Я использую пакет R GBM для ускорения, чтобы выполнить регрессию для некоторых биологических данных размерами 10 000 X 932, и я хочу знать, каковы наилучшие настройки параметров для пакета GBM, особенно (n.trees, усадка, взаимодействие.глубина и n. minobsinnode), когда я искал в Интернете, я обнаружил, что пакет CARET на R может найти такие настройки параметров. Однако у меня возникли трудности с использованием пакета Caret с пакетом GBM, поэтому я просто хочу знать, как использовать курсор, чтобы найти оптимальные комбинации ранее упомянутых параметров? Я знаю, что это может показаться очень типичным вопросом, но я прочитал руководство по каретке и все еще испытываю трудности с интеграцией каретки с gbm, особенно потому, что я новичок в обоих этих пакетах.

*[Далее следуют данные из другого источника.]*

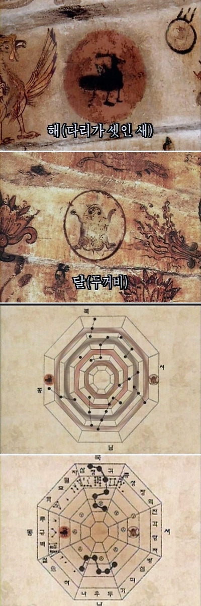 무용총 천장벽화에도, 자세히 보면 사후세계를 상징하는 그림들 속에 별자리가 희미하게 남아있는 것을 볼 수

использование пакета Caret для поиска оптимальных параметров GBM
Ответы (2)
Эта ссылка содержит конкретный пример (стр. 10) — http://www.jstatsoft.org/v28/i05/paper а>
По сути, сначала следует создать сетку значений-кандидатов для гиперпараметров (таких как n.trees, Interaction.depth и усадка). Затем вызовите общую функцию поезда, как обычно.
Не уверен, что вы нашли то, что искали, но я нахожу некоторые из этих листов менее чем полезными.
Если вы используете пакет Caret, ниже описаны необходимые параметры: > getModelInfo()$gbm$parameters
Вот несколько практических правил для запуска GBM:
- Interaction.depth равен 1, и для большинства наборов данных это кажется адекватным, но для некоторых я обнаружил, что проверка результатов на нечетные множители до максимума дала лучшие результаты. Максимальное значение, которое я видел для этого параметра, — это floor(sqrt(NCOL(обучение))).
- Усадка: чем меньше число, тем лучше прогностическая ценность, тем больше требуется деревьев и тем больше вычислительные затраты. Проверка значений на небольшом подмножестве данных с помощью чего-то вроде усадки = усадки = последовательности (0,0005, 0,05, 0005) может помочь в определении идеального значения.
- n.minobsinnode: по умолчанию 10, и обычно я не связываюсь с этим. Я пробовал c(5,10,15,20) на небольших наборах данных и не увидел адекватной отдачи от вычислительных затрат.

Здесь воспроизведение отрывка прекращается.